# PROBLEM DESCRIPTION
Below are the records; repeat exactly their lines between the line holding "Блюдо сервірувальне Lirmatur" and the line holding "Kodinhoitotila on ihanteellisesti", inclusive, skipping the pictures.
▶
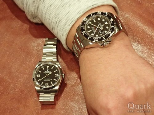 M様、いつもクォーク心斎橋店をご利用いただき、誠にありがとうございます。M様所有の3本のロレックスはケースも大型のものばかりで圧巻です。今回ご購入いただいたDEEPSEA DブルーダイヤルRef.126660は44mmでロレックスの中でも一番大きなケース径のスポーツモデルで、M様に大変お似合いでございました。ブレスレットの洗浄、調整は無料で対応しておりますので、お近くにお越しの際はお気軽にご利用くださいませ。なお、全国どこの店舗でもしっかりサポートさせて頂きますので、今後ともクォーク心斎橋店をよろしくお願いいたします。
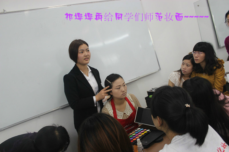 一一給同學們解答她的經驗~還快速化出簡單的生活妝~同學們問她化妝時間要多長!她說慢的20分鐘!快的10來分鐘!…對在校的學生來說很不可思議!因為這些同學都是剛學不久!練妝都要1個來小時!我相信同學們畢業后也有埠埠這么棒。
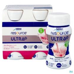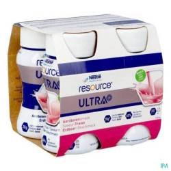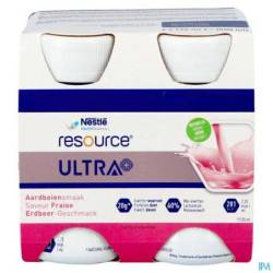 Resource Ultra+ est un aliment riche en protéines et en énergie. Une bouteille de 125 ml contient 20 g de protéines de lactosérum (28 % de kcal) et 281 kcal (2,25 kcal/ml). Nutrition à usage médical en cas de malnutrition ou de risque de malnutrition chez l'adulte.
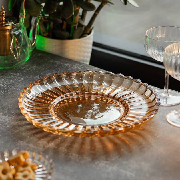 Блюдо сервірувальне Lirmatur Гофре скло 39 см золотистий
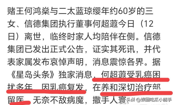 在这里也祝贺何超蕸可以一齐走好,愿天国莫得疾病,她在那边可以幸福本旨的生存。
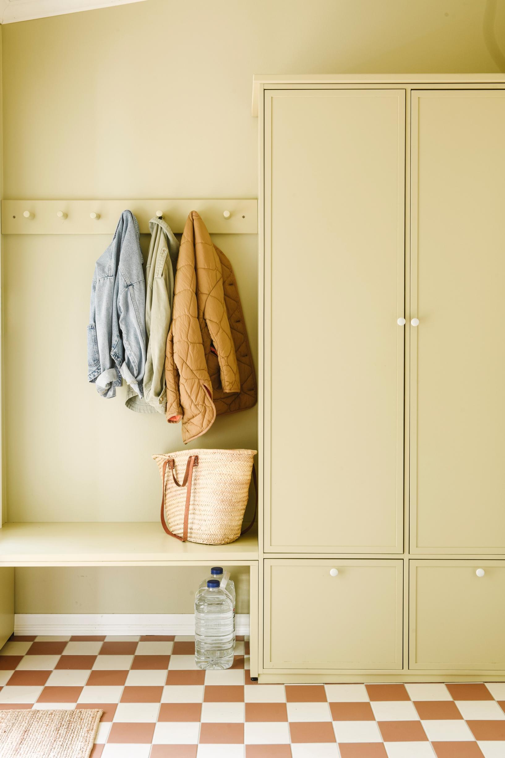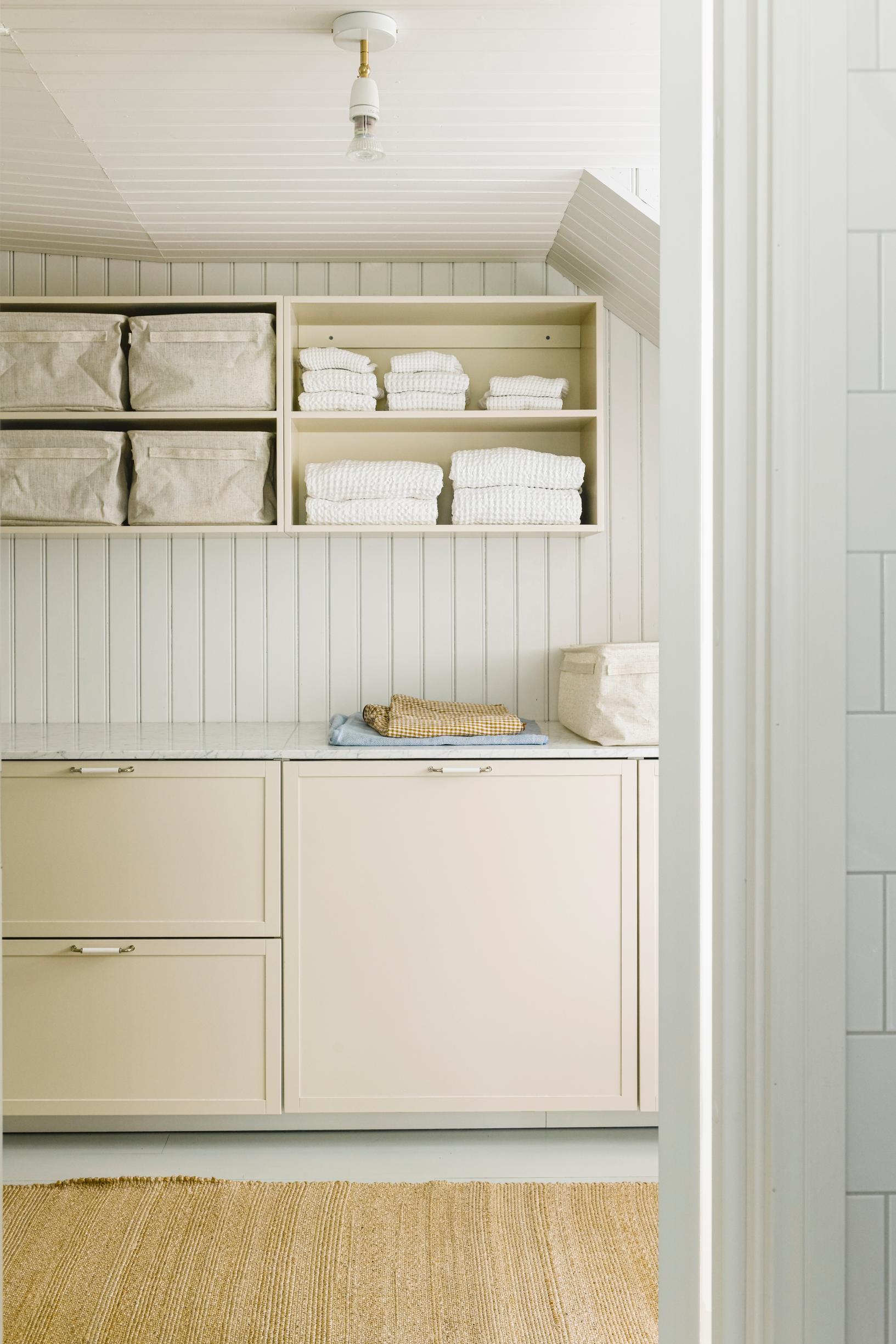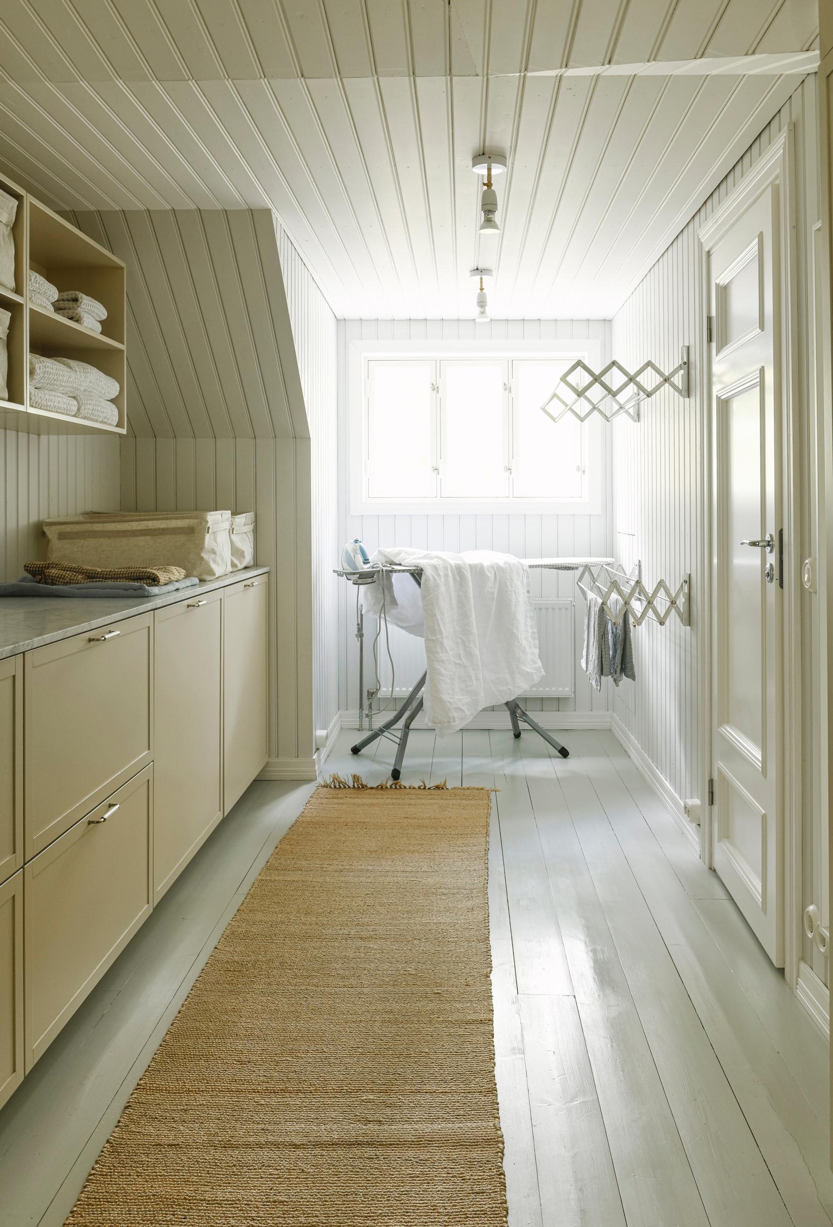 Kodinhoitotila on ihanteellisesti samassa kerroksessa kuin makuuhuoneet. Pyykkirumban pyöritys sujuu, kun sekä vaatesäilytys että -huolto ovat samassa tilassa.
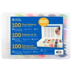 Coats & Clark Storage Box and Floss Bobbins 100/Pkg – Perfect for hand embroidery and a variety of creative projects such as cross stitch, needlepoint, friendship bracelets, tassels and general thread crafts. Plastic storage box with secure snap closure lid. This package contains 100 pre-wound embroidery floss bobbins and 10 empty bobbins. The six strand embroidery floss comes in a variety of solid, variegated and neon shades. Contents: 100% cotton and polyester. Imported.
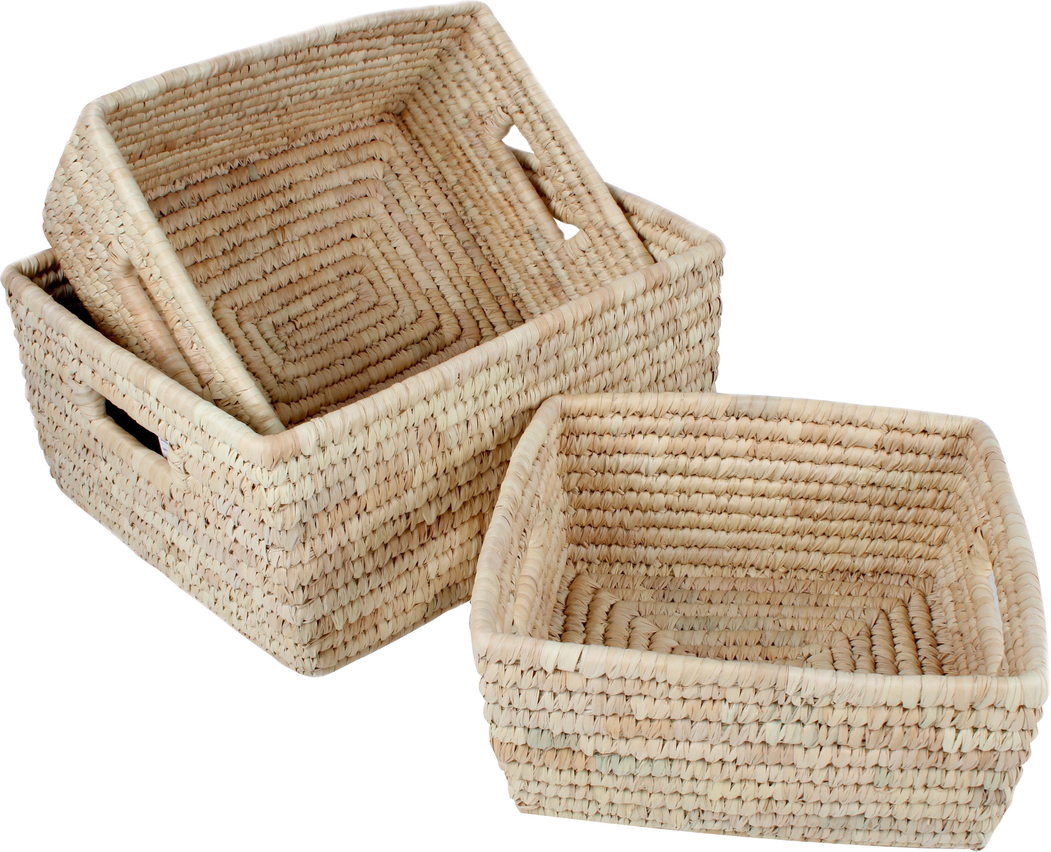 Add a touch of nature to your living space with these exquisite Erin Set of 3 Rectangle Baskets. Each basket is meticulously handwoven from sustainable seagrass and date leaf, giving it a unique texture and earthy appeal. with their durable construction and timeless design, these baskets are sure to become an essential part of your daily life.
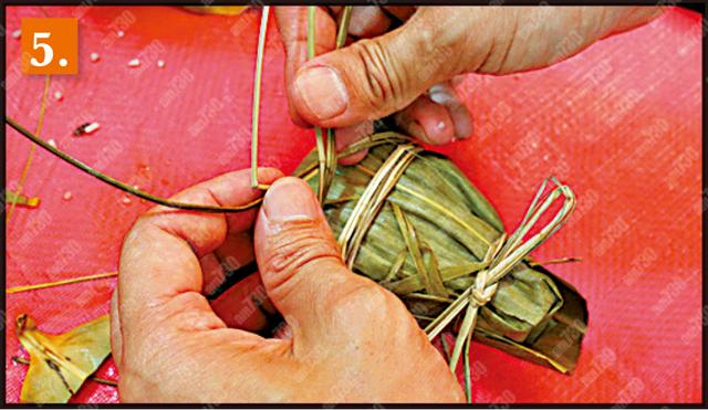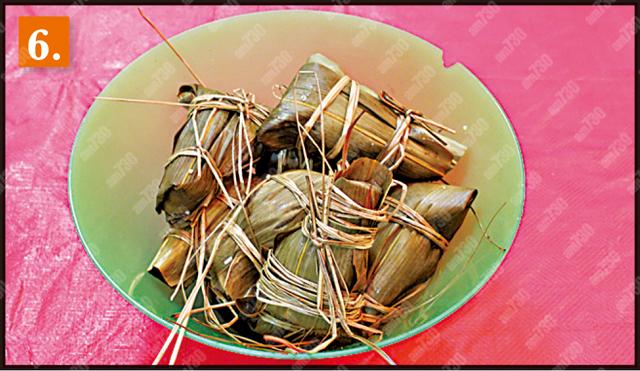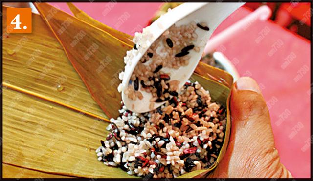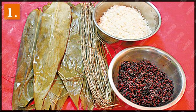 做法: 1.紫米和糯米洗淨後浸幾小時,粽葉和桂圓乾洗淨後略浸。 2.紫米和糯米瀝乾水後,加入黃糖、桂圓乾和生油混合。 3.先將粽葉頭剪去,再在粽葉尾屈成小袋。 4.放入兩匙米後,加入豆沙在中間,再加入兩匙米。 5.將粽葉蓋好接合後,用鹹水草將粽子扎好。 6.把粽子隔水蒸約90分鐘後即成。 貼士:紫米較硬,一定要先浸幾小時以上。
◀
# RESPONSE BOX
 Блюдо сервірувальне Lirmatur Гофре скло 39 см золотистий
 在这里也祝贺何超蕸可以一齐走好,愿天国莫得疾病,她在那边可以幸福本旨的生存。
 Kodinhoitotila on ihanteellisesti samassa kerroksessa kuin makuuhuoneet. Pyykkirumban pyöritys sujuu, kun sekä vaatesäilytys että -huolto ovat samassa tilassa.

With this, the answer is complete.